Un Québécois à la tête d’un regroupement international

Denis Leclerc
Photo: Jacques Nadeau Le Devoir Denis Leclerc

Le savoir-faire québécois en matière de technologies propres obtient une nouvelle reconnaissance internationale. Le président d’Écotech Québec, Denis Leclerc, vient d’être nommé à la tête de la seule organisation regroupant les grappes de technologies propres réparties à travers le monde.

Le conseil d’administration de l’International Cleantech Network (ICN) a annoncé cette semaine que M. Leclerc présidera le conseil d’administration de l’organisation, qui favorise la collaboration internationale entre entreprises, centres de recherche et autorités locales.

Le nouveau président croit que cette nomination démontre l’importance du Québec dans le monde des technologies propres et ouvre la porte à de nouvelles percées.

« On veut placer le Québec dans une situation encore plus avantageuse, avec un positionnement politique, mais également commercial, explique M. Leclerc. On veut propulser davantage nos entreprises québécoises à l’international pour exporter notre expertise et faire grandir le secteur des technologies propres. »

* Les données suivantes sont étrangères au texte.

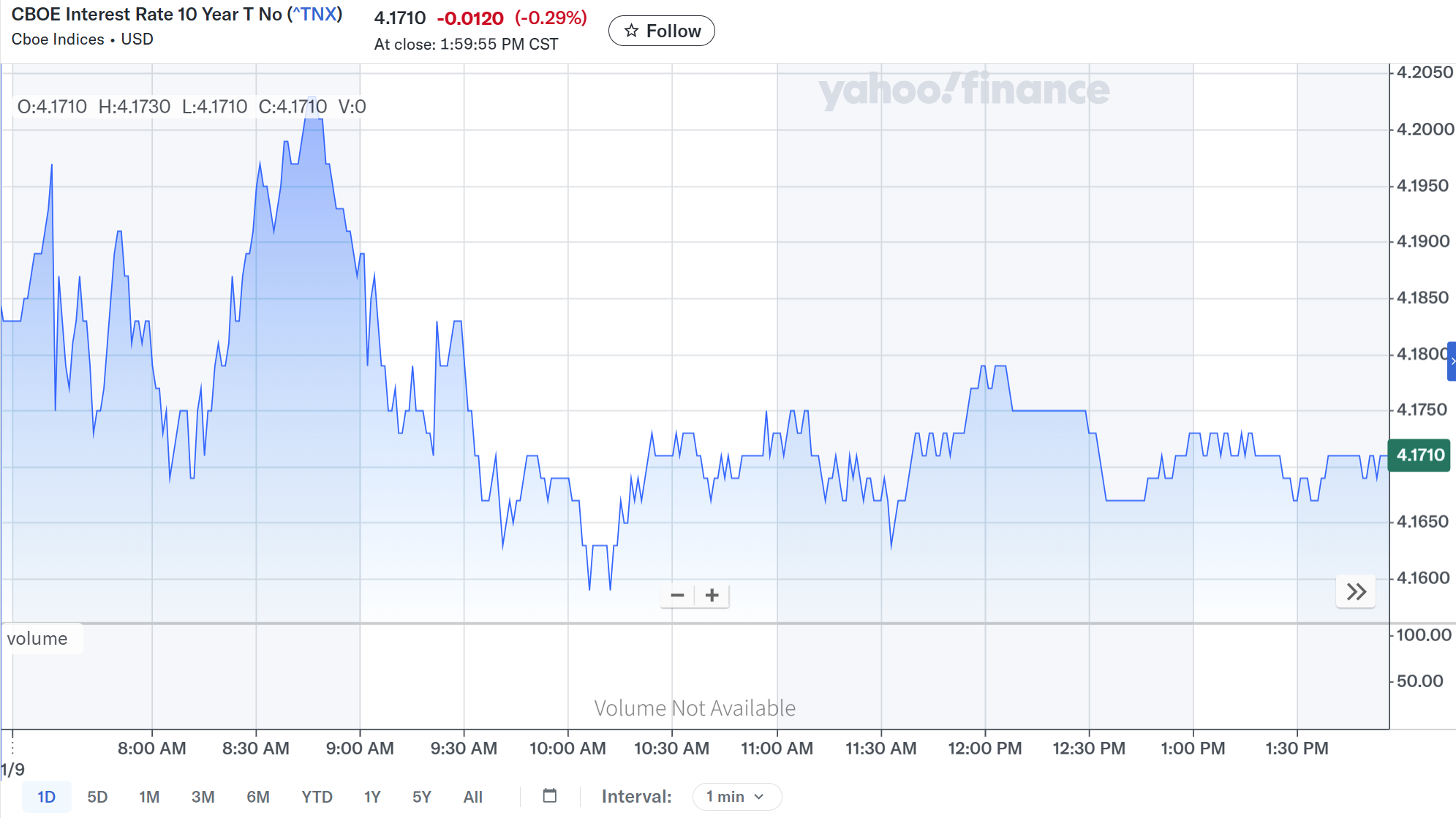 米雇用統計発表後は方向感が定まらない動きが続いていたが、上記チャートでは変動が大きい様に見受けられるが実際にはその範囲は極めて限定的。その後変動幅は更に縮小し、前日比やや利回りが低下した程度で取引が終了している。

« La nomination de Denis Leclerc témoigne non seulement de sa vaste expertise, mais également de la vigueur de notre secteur des technologies propres, a déclaré jeudi le maire de Montréal, Denis Coderre. Grâce à lui, notre métropole est bien positionnée pour devenir un leader mondial dans ce domaine d’avenir, de la même manière que nous l’avons fait pour l’aéronautique, les technologies numériques ou les sciences de la vie. »

Leader canadien

Écotech Québec est le seul membre canadien de l’ICN. Cette organisation internationale, créée en 2009 à Copenhague, au Danemark, compte actuellement 14 partenaires, dont seulement trois en Amérique du Nord. Depuis que la grappe québécoise a fait son entrée à l’ICN il y a environ deux ans, « plusieurs dizaines » d’entreprises du Québec ont pu profiter de ce réseau international, estime M. Leclerc.

« Nous sommes des joueurs qui recherchent tous la même chose, mais nous avons décidé de nous entraider pour accélérer les résultats », ajoute-t-il.

À terme, Denis Leclerc souhaite que les technologies propres constituent un « secteur stratégique » de l’économie québécoise, grâce à la participation du gouvernement. Il entend proposer à Québec d’imiter la Finlande, qui a décidé de consacrer 1 % de ses achats annuels en biens et services à l’acquisition de technologies propres locales.

Les membres de l’ICN tiendront une « rencontre stratégique » en marge d’Americana, le salon international des technologies environnementales, qui aura lieu à Montréal du 17 au 19 mars prochain.